** Working data follows **

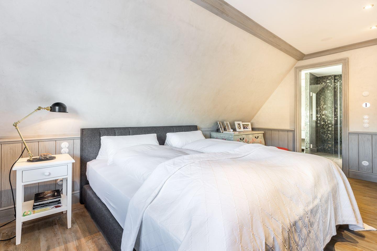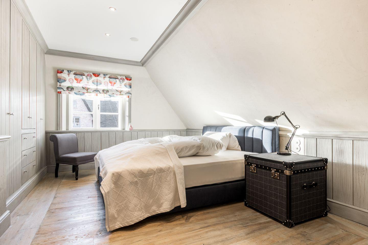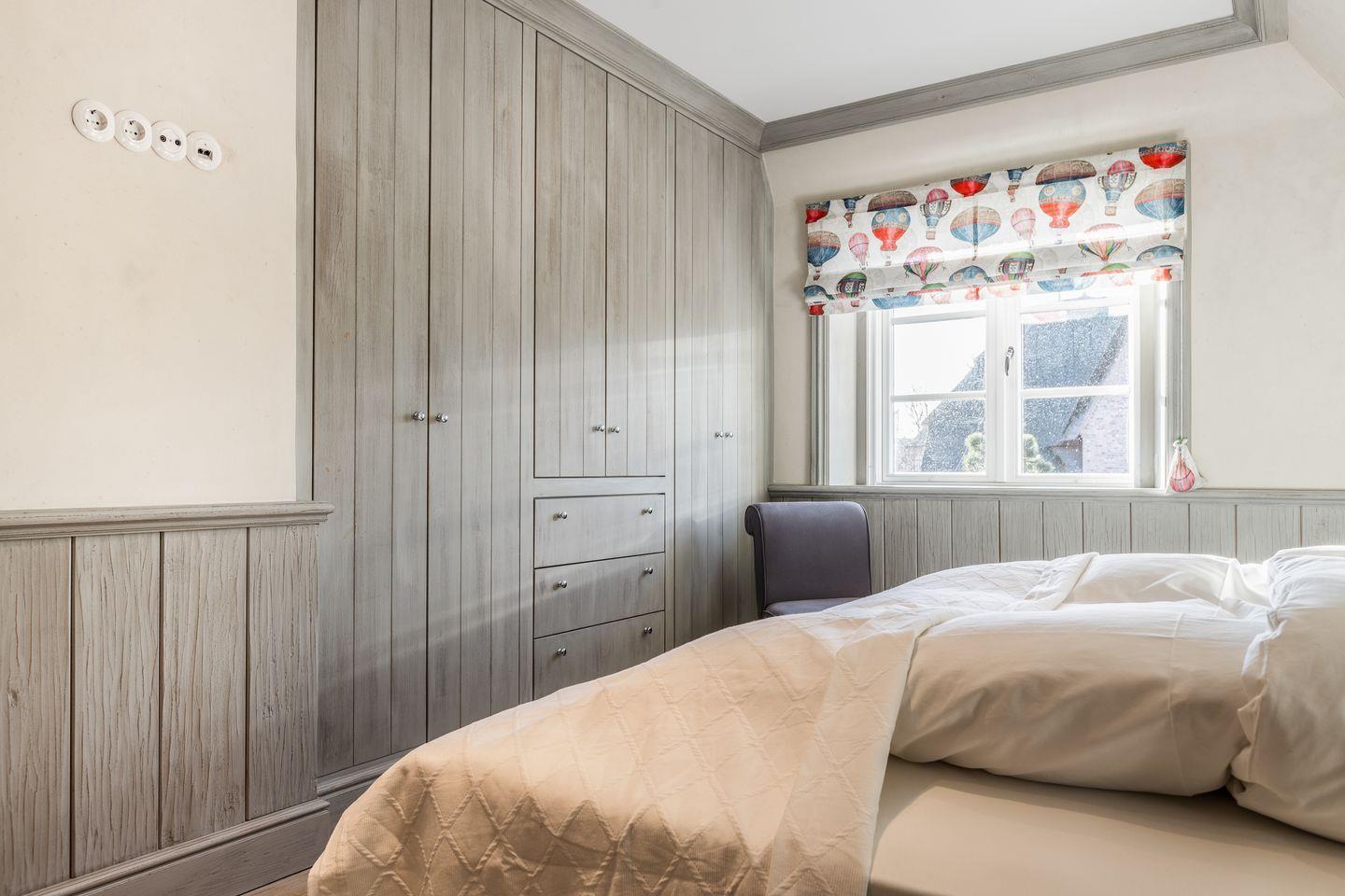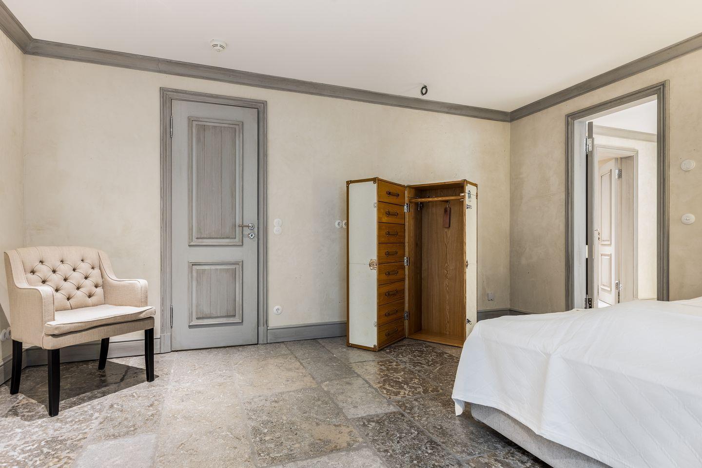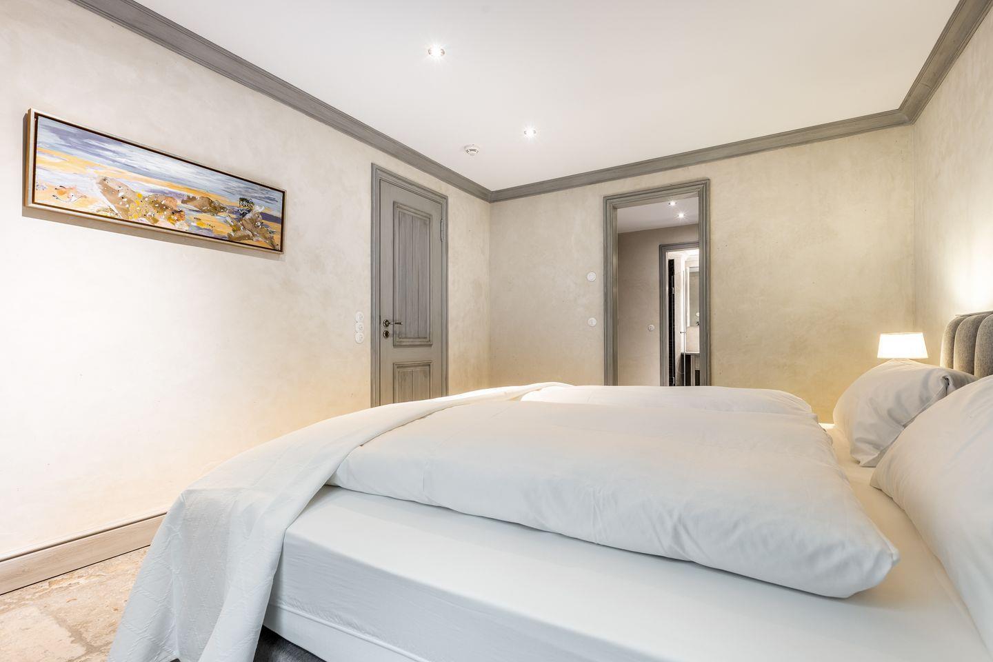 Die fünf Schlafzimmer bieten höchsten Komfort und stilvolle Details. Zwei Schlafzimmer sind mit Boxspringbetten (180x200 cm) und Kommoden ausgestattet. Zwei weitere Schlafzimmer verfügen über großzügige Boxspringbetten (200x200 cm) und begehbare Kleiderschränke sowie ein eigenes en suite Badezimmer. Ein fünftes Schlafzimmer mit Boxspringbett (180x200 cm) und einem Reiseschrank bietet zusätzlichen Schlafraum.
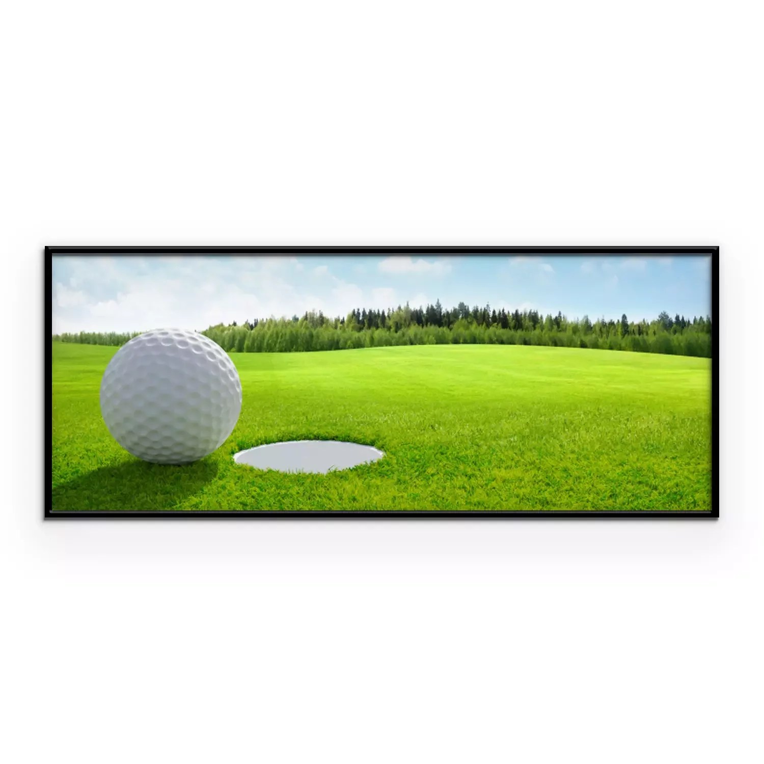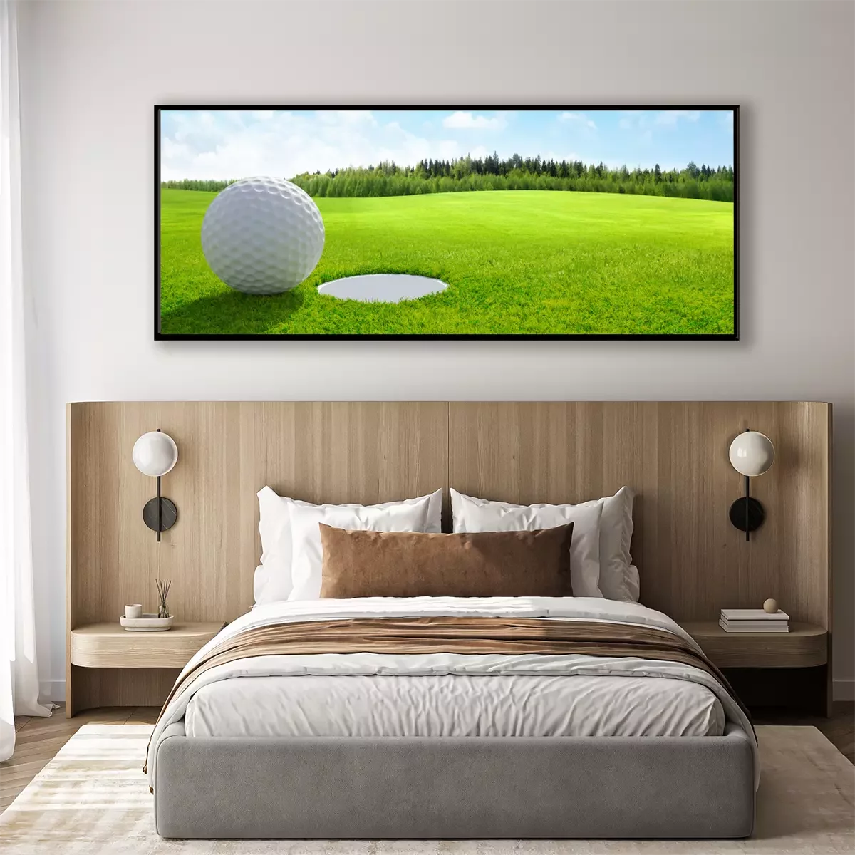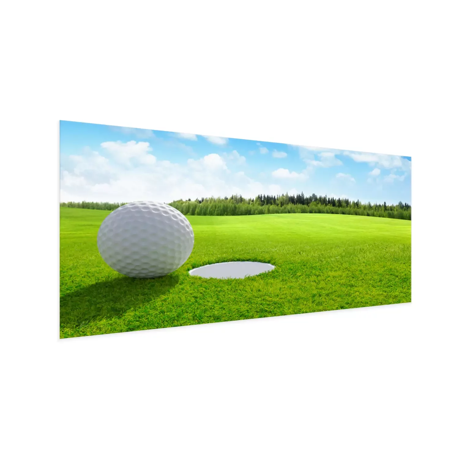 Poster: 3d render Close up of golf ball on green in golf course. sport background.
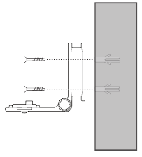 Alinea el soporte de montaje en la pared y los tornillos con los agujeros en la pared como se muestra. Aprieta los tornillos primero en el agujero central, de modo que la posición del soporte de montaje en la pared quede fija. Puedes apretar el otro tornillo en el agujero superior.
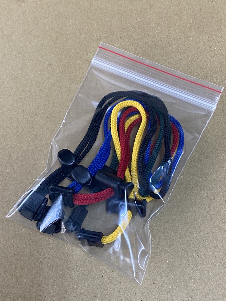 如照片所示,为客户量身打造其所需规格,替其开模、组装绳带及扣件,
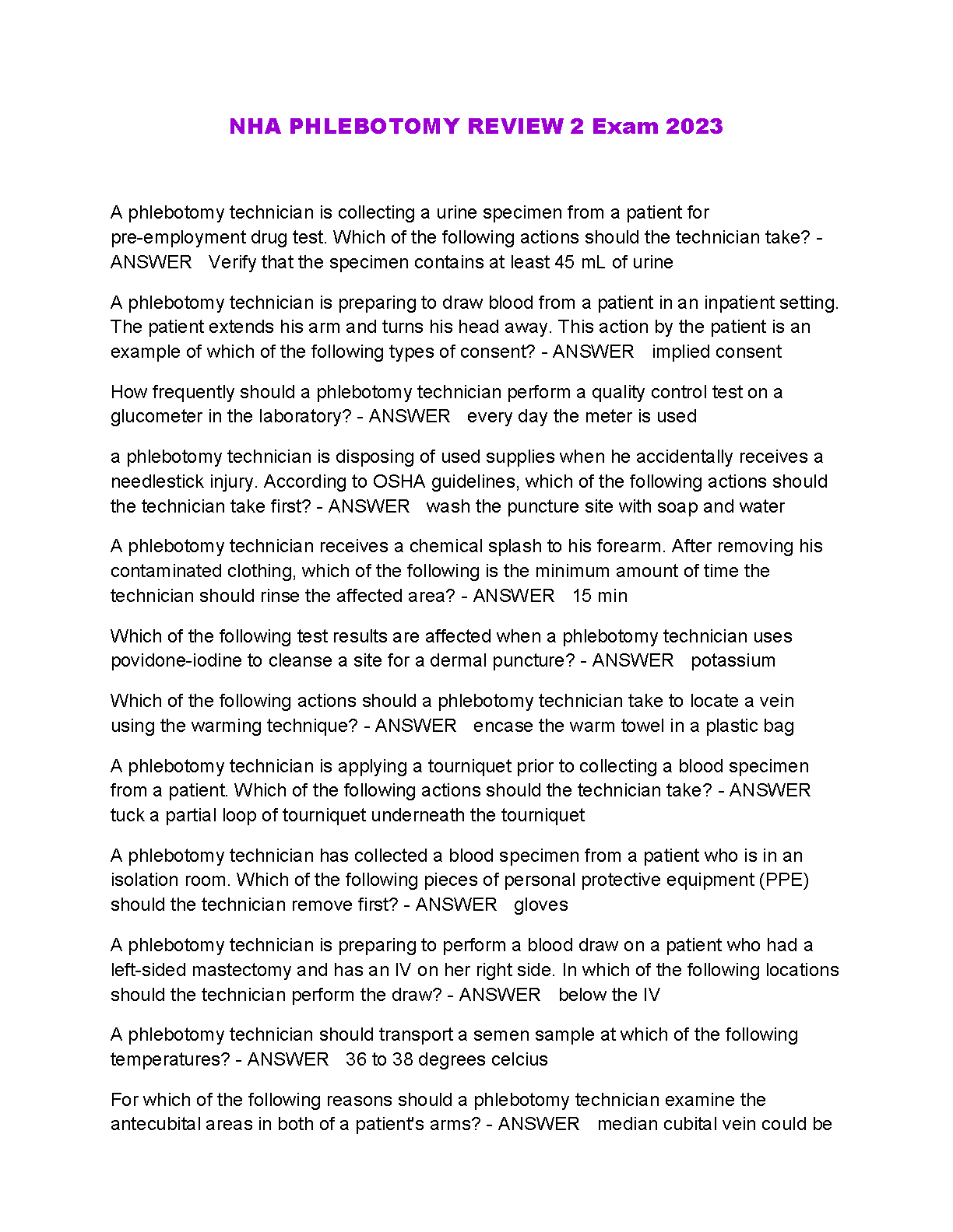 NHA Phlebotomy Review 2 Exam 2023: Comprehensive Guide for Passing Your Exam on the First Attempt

** End of Working data **

◆ **Action item**
Transcribe the records above exactly as they appear, leaving out any pictures.

◆ **Answer below**
 Die fünf Schlafzimmer bieten höchsten Komfort und stilvolle Details. Zwei Schlafzimmer sind mit Boxspringbetten (180x200 cm) und Kommoden ausgestattet. Zwei weitere Schlafzimmer verfügen über großzügige Boxspringbetten (200x200 cm) und begehbare Kleiderschränke sowie ein eigenes en suite Badezimmer. Ein fünftes Schlafzimmer mit Boxspringbett (180x200 cm) und einem Reiseschrank bietet zusätzlichen Schlafraum.
 Poster: 3d render Close up of golf ball on green in golf course. sport background.
 Alinea el soporte de montaje en la pared y los tornillos con los agujeros en la pared como se muestra. Aprieta los tornillos primero en el agujero central, de modo que la posición del soporte de montaje en la pared quede fija. Puedes apretar el otro tornillo en el agujero superior.
 如照片所示,为客户量身打造其所需规格,替其开模、组装绳带及扣件,
 NHA Phlebotomy Review 2 Exam 2023: Comprehensive Guide for Passing Your Exam on the First Attempt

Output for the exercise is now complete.